I understood because, I am in the Fat Girl Closet.

It is a rare occasion that I acknowledge the fact that I am larger than most of the people I know. I don’t talk about my weight, instead, I ignore it. I’ve convinced myself that if I pretend its not there, people wont notice it.

But every once in a while I will get startled into the reality that even if I say nothing about it, the size of my body speaks for its self.

Its not that I’m ashamed. I know that I am attractive, I just don’t want to be defined by my weight.

Like a few weeks ago, I decided to go swimming at my gym. I had recently purchased a black vintage inspired halter-top bathing suit and as I slipped on my pink sequined flip flops and walked to grab a towel a woman stopped me and said, “You have confidence!” I wasn’t sure what to say, so I just smiled. She took this as a cue to continue, “I love seeing a woman of your size who isn’t embarrassed!”

Though I was in a Manhattan gym locker-room with women who were a size 10 or smaller, it wasn’t until she made her comments that I became self conscious.

She had outed me as Fat.

I even keep the BBW scene a secret from my skinny friends. Although they’ve all been out with me at mainstream clubs and see that I don’t get much “action” I don’t want to admit that I have to go to a special club to meet guys. (I don’t think I have to make the comparison between me secretly going to BBW parties and person secretly going to gay bars… I’m in the Fat Girl Closet!)

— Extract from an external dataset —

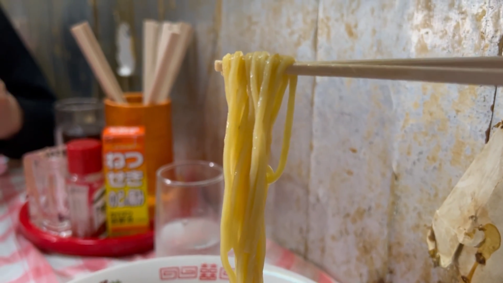 続いて麺をリフトして、せーのですすります。福助製麺所製の中細麺は、ツルッとしたすすり心地と歯切れの良さが特徴的。パンチ強めのスープに対して、麺は軽やかでバランスが良く、気づけばどんどん箸が進んでしまいます。濃いのに重すぎず、テンポよくすすれるのがこの一杯の魅力です。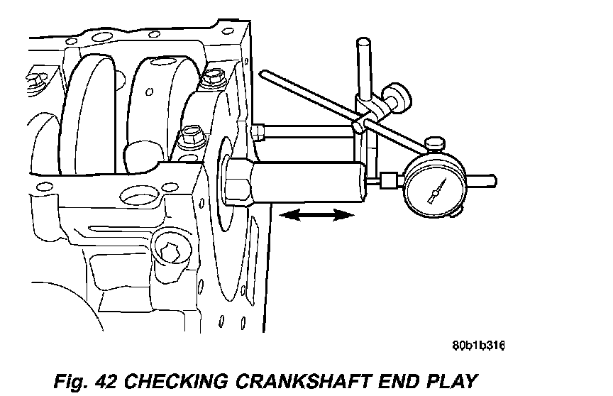 STANDARD PROCEDURE - CRANKSHAFT END PLAY1. Using Dial Indicator C-3339 and Mounting Post L-4438, attach to front of engine, locating probe perpendicular on nose of crankshaft (Fig. 42).

Until I started writing this blog, my weight was something that was reserved for quiet conversations with my Mother and sisters. While I love sharing my experiences here, I often wonder if I do it because its more or less anonymous.

Dana is my only friend who knows about thebiggirlblog, I don’t share it with my skinny friends (who all know that I write and pester me about blogging often). Sometimes I want to tell them, but having them read my experiences would pull the curtain down from the facade I’ve been maintaining that my weight has no effect on my life.

My weight does not define me.

…Okay, maybe it does.

Perhaps the person I really don’t want to know how much being an overweight person in New York City defines me is… me.

First Date: William

William’s work schedule made it hard to pin down an evening to get together, but after five weeks of clever phone conversations and cute text messages, we finally set a date for a Friday night.


We decided to grab a drink at a jazz club near my apartment. I kept it simple; black pointy kitten-heeled shoes, a new pair of jeans and a simple black top that showed just enough (but not too much) of “the twins”.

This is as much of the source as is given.